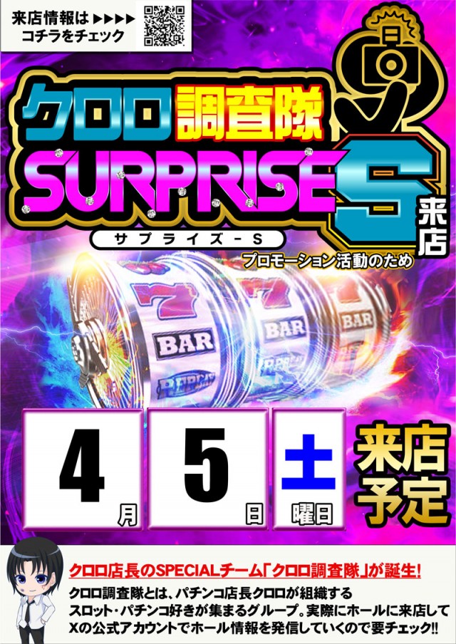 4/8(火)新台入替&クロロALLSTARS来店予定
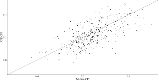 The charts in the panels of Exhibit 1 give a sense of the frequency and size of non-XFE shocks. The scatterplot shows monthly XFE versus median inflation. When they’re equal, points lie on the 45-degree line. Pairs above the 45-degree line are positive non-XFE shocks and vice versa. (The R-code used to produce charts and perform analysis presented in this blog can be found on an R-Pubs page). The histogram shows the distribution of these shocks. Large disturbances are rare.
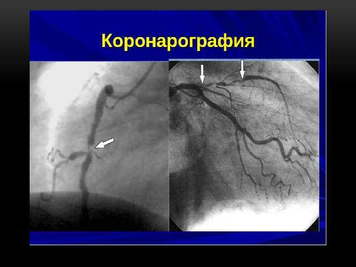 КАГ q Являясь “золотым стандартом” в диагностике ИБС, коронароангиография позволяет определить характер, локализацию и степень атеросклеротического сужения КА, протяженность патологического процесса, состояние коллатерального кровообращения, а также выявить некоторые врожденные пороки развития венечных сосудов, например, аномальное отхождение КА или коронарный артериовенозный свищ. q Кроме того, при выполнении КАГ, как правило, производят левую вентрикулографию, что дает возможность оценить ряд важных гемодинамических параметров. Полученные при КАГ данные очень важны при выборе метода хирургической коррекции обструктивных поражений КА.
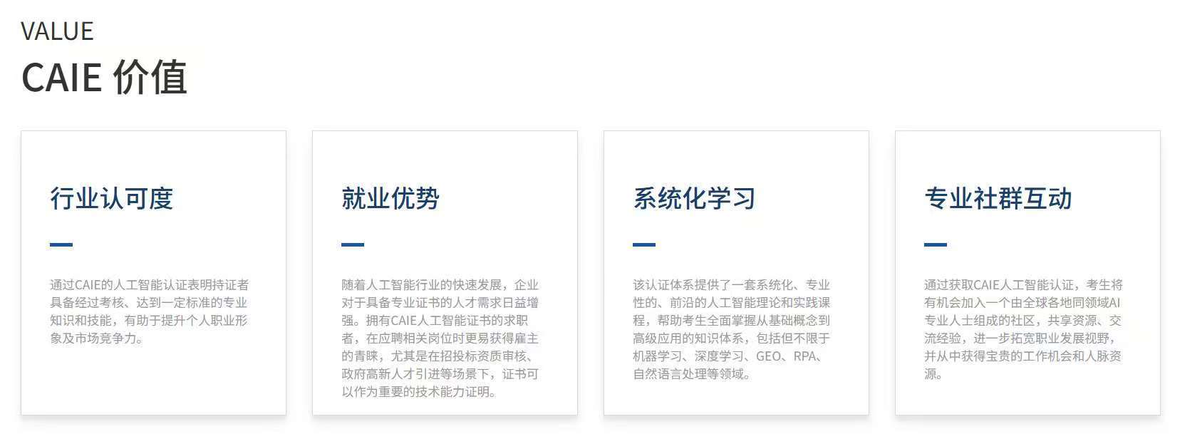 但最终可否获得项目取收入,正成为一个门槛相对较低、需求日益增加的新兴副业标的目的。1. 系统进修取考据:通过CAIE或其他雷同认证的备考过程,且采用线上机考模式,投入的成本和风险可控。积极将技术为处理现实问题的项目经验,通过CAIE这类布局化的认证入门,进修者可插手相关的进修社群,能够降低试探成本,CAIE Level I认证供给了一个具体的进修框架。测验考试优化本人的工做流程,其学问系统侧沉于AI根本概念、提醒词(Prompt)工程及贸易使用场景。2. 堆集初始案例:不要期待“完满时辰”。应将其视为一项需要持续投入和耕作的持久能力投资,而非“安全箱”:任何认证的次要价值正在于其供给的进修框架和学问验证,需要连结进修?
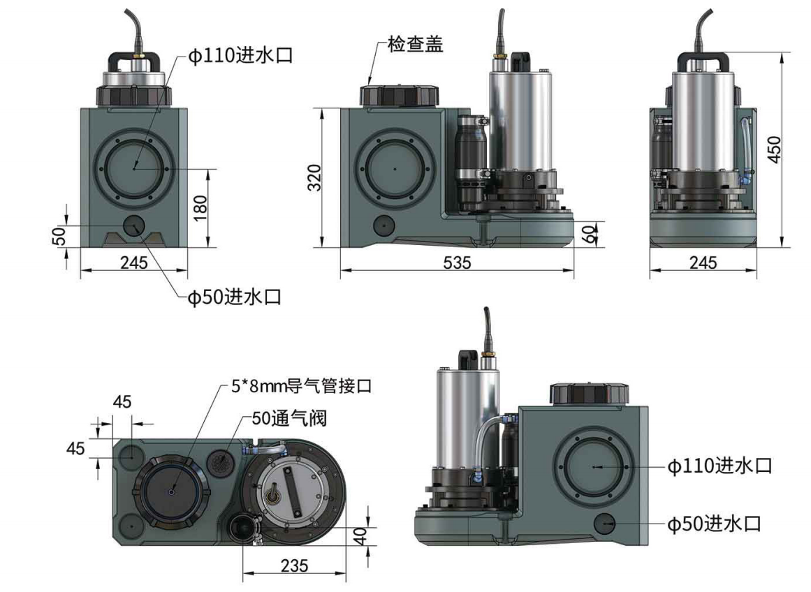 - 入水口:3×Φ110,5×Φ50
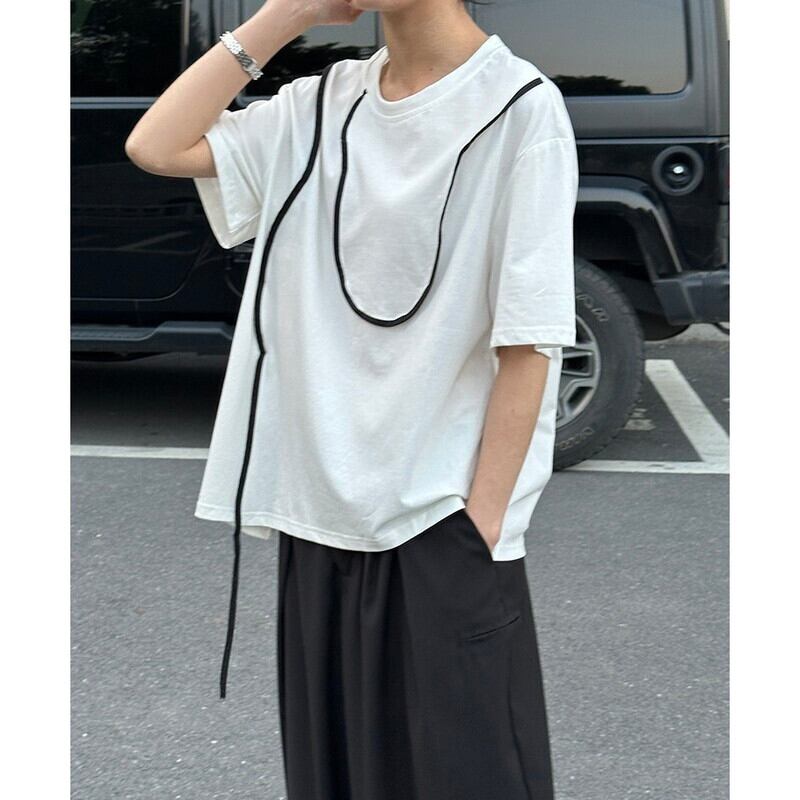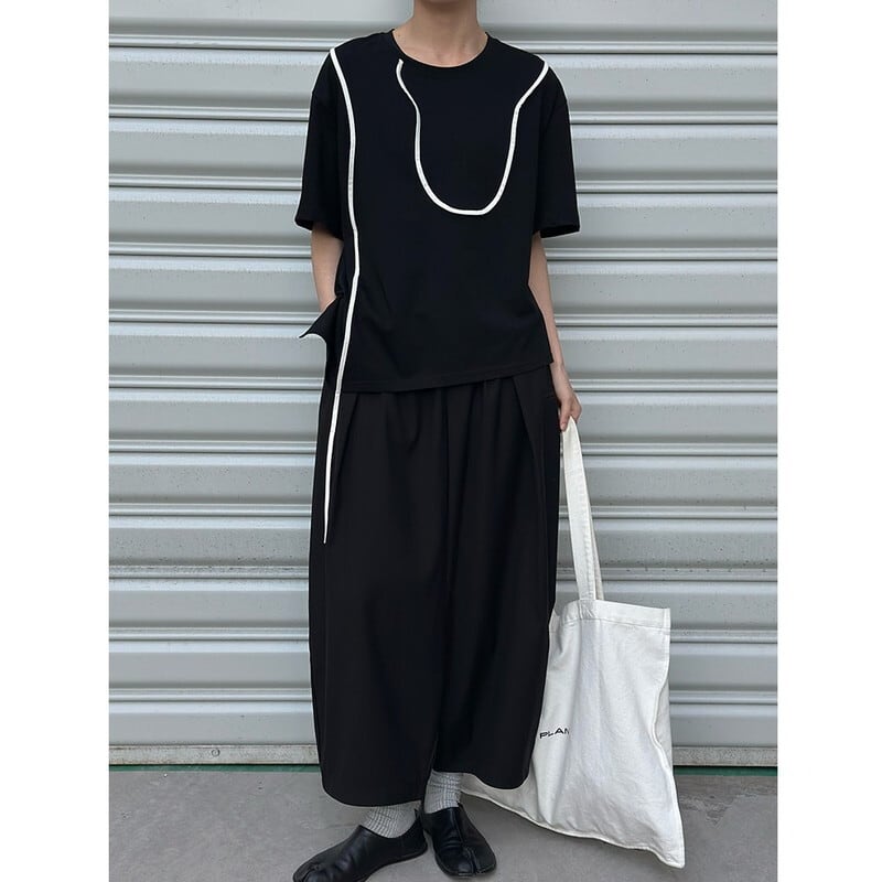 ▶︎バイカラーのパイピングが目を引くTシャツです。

------------------------------

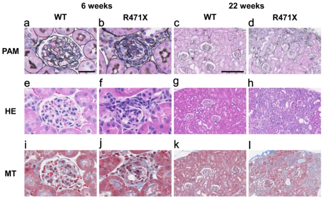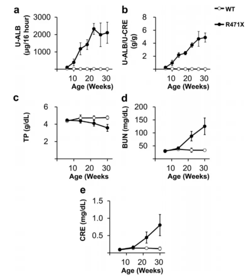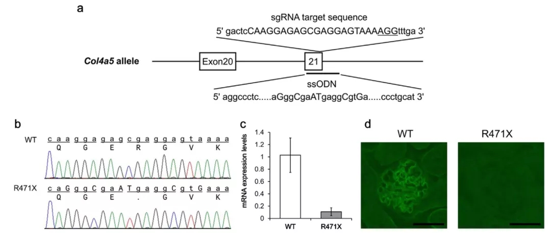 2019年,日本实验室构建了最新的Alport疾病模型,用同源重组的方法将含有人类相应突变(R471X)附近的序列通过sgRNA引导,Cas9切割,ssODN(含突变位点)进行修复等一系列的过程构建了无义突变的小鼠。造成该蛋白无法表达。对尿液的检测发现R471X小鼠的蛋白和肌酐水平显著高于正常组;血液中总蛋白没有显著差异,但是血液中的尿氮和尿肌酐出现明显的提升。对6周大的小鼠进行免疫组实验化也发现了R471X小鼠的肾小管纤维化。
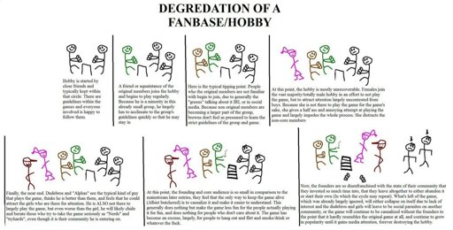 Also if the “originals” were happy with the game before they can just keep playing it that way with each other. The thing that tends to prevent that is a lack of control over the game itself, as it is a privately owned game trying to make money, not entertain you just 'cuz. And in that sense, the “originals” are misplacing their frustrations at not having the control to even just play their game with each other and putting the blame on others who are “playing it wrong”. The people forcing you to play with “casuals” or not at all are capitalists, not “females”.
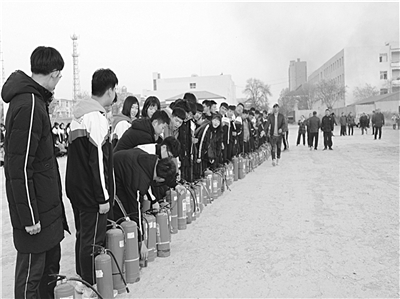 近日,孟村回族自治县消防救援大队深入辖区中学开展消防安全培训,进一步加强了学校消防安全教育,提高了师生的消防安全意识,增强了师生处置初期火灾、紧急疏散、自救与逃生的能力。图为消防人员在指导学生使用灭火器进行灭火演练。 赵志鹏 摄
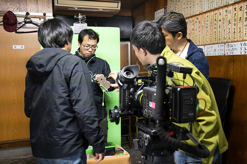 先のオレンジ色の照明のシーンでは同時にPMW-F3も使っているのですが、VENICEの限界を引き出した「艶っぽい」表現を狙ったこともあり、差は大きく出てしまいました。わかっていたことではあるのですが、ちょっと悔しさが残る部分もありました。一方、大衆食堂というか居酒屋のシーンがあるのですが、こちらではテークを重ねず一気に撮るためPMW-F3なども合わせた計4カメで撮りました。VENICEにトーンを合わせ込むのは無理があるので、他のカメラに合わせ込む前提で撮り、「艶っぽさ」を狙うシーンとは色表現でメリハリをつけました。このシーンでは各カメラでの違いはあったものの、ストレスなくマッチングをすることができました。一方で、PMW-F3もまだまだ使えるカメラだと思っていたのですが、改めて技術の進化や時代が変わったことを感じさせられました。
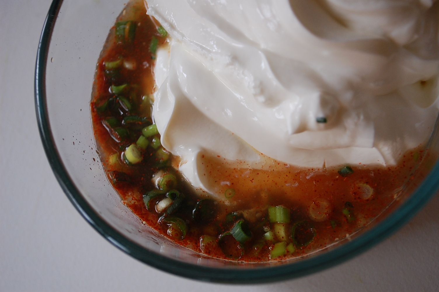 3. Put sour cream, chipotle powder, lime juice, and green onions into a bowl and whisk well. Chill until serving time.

------------------------------

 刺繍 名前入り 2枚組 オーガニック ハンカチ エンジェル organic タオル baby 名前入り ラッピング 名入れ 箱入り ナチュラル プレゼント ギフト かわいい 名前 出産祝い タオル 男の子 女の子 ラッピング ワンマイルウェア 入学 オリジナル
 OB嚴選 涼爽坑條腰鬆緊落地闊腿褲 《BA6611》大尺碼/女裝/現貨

------------------------------

## What is needed
Leaving pictures out, output the lines of the data above from the one with "4/8(火)新台入替&クロロALLSTARS来店予定" through the one with "The charts in", word for word.

## Task output
 4/8(火)新台入替&クロロALLSTARS来店予定
 The charts in the panels of Exhibit 1 give a sense of the frequency and size of non-XFE shocks. The scatterplot shows monthly XFE versus median inflation. When they’re equal, points lie on the 45-degree line. Pairs above the 45-degree line are positive non-XFE shocks and vice versa. (The R-code used to produce charts and perform analysis presented in this blog can be found on an R-Pubs page). The histogram shows the distribution of these shocks. Large disturbances are rare.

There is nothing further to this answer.